The pipeline class also allows to visualize the chemical space using the **transform** method. The **transform** method will return a dataset object with the features extracted by the pipeline. The dataset object can be used to visualize the chemical space using the **PCA** class.

In this tutorial we will show how to build a ML pipeline to predict drug activity against DRD2 receptor using DeepMol.

## Pipeline for supervised learning

We were able to build a ML pipeline to predict drug activity against DRD2 receptor using DeepMol in a few lines of code.

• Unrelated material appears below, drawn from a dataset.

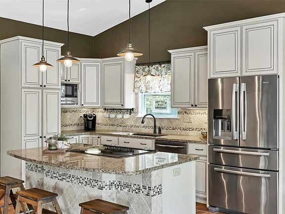 - RoomKitchenFeatures: Granite Counters, Kitchen Island, Pantry, Breakfast Bar, Eat-in Kitchen, Custom Cabinetry, Breakfast Room, SolidSurfaceCounter

<font size="4"> **Let us define a pipeline to predict drug activity against DRD2 receptor** </font>

We will use the following steps:
- Basic standardization
- Morgan fingerprints
- Low variance feature selection
- Random forest model

```python
from deepmol.pipeline import Pipeline

from sklearn.ensemble import RandomForestClassifier
from deepmol.models import SklearnModel
from deepmol.feature_selection import LowVarianceFS
from deepmol.compound_featurization import MorganFingerprint
from deepmol.standardizer import BasicStandardizer

steps = [('basic standardizing', BasicStandardizer()),
         ('morgan fingerprints', MorganFingerprint(radius=2, size=1024)),
         ('low variance feature selection', LowVarianceFS(threshold=0.1)),
         ('random forest', SklearnModel(model=RandomForestClassifier(n_jobs=-1, random_state=42)))
         ]
pipeline = Pipeline(steps=steps, path="../../examples/notebooks/DRD2")
```
    2023-06-05 14:20:36,975 — INFO — Standardizer BasicStandardizer initialized with -1 jobs.


    [14:20:36] Initializing Normalizer


The steps of the pipeline have to be defined as a list of tuples. The first element of the tuple is the name of the step and the second element is the object that implements the step. The pipeline class will respect the order of the steps you defined. The path parameter is the path where the pipeline will be saved.

<font size="4"> **Let us load the data** </font>

```python
from deepmol.splitters import SingletaskStratifiedSplitter
from deepmol.loaders import CSVLoader

loader = CSVLoader(dataset_path='../data/CHEMBL217_reduced.csv',
                   smiles_field='SMILES',
                   id_field='Original_Entry_ID',
                   labels_fields=['Activity_Flag'])
data = loader.create_dataset(sep=',', header=0)
train, test = SingletaskStratifiedSplitter().train_test_split(data, fra_train=0.8, seed=42)
```

    2023-06-05 14:20:38,866 — ERROR — Molecule with smiles: ClC1=C(N2CCN(O)(CC2)=C/C=C/CNC(=O)C=3C=CC(=CC3)C4=NC=CC=C4)C=CC=C1Cl removed from dataset.
    2023-06-05 14:20:38,868 — INFO — Assuming classification since there are less than 10 unique y values. If otherwise, explicitly set the mode to 'regression'!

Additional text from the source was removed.